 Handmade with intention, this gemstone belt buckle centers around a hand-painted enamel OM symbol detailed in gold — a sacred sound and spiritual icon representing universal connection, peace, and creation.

* * *

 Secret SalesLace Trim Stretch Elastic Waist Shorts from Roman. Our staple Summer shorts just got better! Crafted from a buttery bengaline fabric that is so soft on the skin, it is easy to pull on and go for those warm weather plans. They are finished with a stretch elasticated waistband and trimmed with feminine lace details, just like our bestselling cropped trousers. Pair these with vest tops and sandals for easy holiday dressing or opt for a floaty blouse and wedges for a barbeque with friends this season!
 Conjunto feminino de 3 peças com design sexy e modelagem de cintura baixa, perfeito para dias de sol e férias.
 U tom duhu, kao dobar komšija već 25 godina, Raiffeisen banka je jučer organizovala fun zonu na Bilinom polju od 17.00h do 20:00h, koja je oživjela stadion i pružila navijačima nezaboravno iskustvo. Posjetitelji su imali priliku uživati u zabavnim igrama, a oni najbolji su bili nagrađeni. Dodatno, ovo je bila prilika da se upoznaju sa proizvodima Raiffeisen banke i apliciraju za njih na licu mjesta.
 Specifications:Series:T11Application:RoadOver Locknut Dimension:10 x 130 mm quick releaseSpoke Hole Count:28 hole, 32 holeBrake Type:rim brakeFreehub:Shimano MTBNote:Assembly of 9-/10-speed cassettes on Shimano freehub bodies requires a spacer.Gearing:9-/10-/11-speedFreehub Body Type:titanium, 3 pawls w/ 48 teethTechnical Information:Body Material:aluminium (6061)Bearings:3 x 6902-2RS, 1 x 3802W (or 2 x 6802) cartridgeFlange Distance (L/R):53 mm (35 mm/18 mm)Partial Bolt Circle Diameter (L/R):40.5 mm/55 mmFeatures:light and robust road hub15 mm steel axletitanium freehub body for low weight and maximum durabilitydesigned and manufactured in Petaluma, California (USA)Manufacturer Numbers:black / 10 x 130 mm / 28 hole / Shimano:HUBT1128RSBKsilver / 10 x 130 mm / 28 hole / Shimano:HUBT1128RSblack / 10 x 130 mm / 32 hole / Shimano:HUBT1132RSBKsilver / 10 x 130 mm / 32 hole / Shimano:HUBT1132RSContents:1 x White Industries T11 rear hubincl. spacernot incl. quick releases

...

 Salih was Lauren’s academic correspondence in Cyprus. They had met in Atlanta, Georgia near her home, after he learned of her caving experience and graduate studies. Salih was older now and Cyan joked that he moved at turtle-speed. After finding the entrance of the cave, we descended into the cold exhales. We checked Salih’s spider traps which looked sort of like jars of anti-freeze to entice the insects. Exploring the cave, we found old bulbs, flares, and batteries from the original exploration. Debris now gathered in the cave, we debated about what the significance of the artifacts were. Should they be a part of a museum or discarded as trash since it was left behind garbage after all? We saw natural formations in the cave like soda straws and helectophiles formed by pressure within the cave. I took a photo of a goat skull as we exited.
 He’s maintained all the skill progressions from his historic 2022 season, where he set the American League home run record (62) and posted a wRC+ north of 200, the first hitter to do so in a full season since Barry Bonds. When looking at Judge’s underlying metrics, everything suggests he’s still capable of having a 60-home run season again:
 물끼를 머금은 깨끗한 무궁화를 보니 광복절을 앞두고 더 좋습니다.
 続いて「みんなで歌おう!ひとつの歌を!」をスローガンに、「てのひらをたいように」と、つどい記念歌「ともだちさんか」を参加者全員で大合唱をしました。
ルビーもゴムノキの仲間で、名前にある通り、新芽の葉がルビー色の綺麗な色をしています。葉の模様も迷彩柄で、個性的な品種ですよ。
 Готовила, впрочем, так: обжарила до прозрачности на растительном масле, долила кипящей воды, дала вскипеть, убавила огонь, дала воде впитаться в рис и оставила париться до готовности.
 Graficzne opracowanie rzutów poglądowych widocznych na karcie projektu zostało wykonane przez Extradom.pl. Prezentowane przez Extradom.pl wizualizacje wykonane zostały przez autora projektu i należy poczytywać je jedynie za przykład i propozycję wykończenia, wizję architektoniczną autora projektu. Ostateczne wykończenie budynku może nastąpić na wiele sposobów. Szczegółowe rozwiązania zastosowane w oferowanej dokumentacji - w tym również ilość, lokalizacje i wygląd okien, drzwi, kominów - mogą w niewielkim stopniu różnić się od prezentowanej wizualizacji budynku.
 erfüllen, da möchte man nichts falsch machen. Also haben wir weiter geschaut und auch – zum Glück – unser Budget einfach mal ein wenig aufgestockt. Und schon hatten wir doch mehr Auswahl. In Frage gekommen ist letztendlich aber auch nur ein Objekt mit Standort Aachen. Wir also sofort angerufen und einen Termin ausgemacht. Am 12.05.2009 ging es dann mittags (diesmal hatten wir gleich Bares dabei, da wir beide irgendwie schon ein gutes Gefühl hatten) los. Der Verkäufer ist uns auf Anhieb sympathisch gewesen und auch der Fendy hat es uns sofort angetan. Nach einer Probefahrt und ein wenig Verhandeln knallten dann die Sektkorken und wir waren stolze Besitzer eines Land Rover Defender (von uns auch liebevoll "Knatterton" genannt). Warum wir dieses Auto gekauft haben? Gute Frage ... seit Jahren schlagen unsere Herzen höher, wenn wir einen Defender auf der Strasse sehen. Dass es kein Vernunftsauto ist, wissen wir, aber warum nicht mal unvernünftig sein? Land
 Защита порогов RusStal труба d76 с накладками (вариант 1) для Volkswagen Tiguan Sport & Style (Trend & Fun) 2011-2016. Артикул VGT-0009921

# [Work instructions]
Write down, word for word, the lines above from the one containing "Salih was Lauren’s" through the one containing "Graficzne opracowanie rzutów", both ends included.

# [Task response]
 Salih was Lauren’s academic correspondence in Cyprus. They had met in Atlanta, Georgia near her home, after he learned of her caving experience and graduate studies. Salih was older now and Cyan joked that he moved at turtle-speed. After finding the entrance of the cave, we descended into the cold exhales. We checked Salih’s spider traps which looked sort of like jars of anti-freeze to entice the insects. Exploring the cave, we found old bulbs, flares, and batteries from the original exploration. Debris now gathered in the cave, we debated about what the significance of the artifacts were. Should they be a part of a museum or discarded as trash since it was left behind garbage after all? We saw natural formations in the cave like soda straws and helectophiles formed by pressure within the cave. I took a photo of a goat skull as we exited.
 He’s maintained all the skill progressions from his historic 2022 season, where he set the American League home run record (62) and posted a wRC+ north of 200, the first hitter to do so in a full season since Barry Bonds. When looking at Judge’s underlying metrics, everything suggests he’s still capable of having a 60-home run season again:
 물끼를 머금은 깨끗한 무궁화를 보니 광복절을 앞두고 더 좋습니다.
 続いて「みんなで歌おう!ひとつの歌を!」をスローガンに、「てのひらをたいように」と、つどい記念歌「ともだちさんか」を参加者全員で大合唱をしました。
ルビーもゴムノキの仲間で、名前にある通り、新芽の葉がルビー色の綺麗な色をしています。葉の模様も迷彩柄で、個性的な品種ですよ。
 Готовила, впрочем, так: обжарила до прозрачности на растительном масле, долила кипящей воды, дала вскипеть, убавила огонь, дала воде впитаться в рис и оставила париться до готовности.
 Graficzne opracowanie rzutów poglądowych widocznych na karcie projektu zostało wykonane przez Extradom.pl. Prezentowane przez Extradom.pl wizualizacje wykonane zostały przez autora projektu i należy poczytywać je jedynie za przykład i propozycję wykończenia, wizję architektoniczną autora projektu. Ostateczne wykończenie budynku może nastąpić na wiele sposobów. Szczegółowe rozwiązania zastosowane w oferowanej dokumentacji - w tym również ilość, lokalizacje i wygląd okien, drzwi, kominów - mogą w niewielkim stopniu różnić się od prezentowanej wizualizacji budynku.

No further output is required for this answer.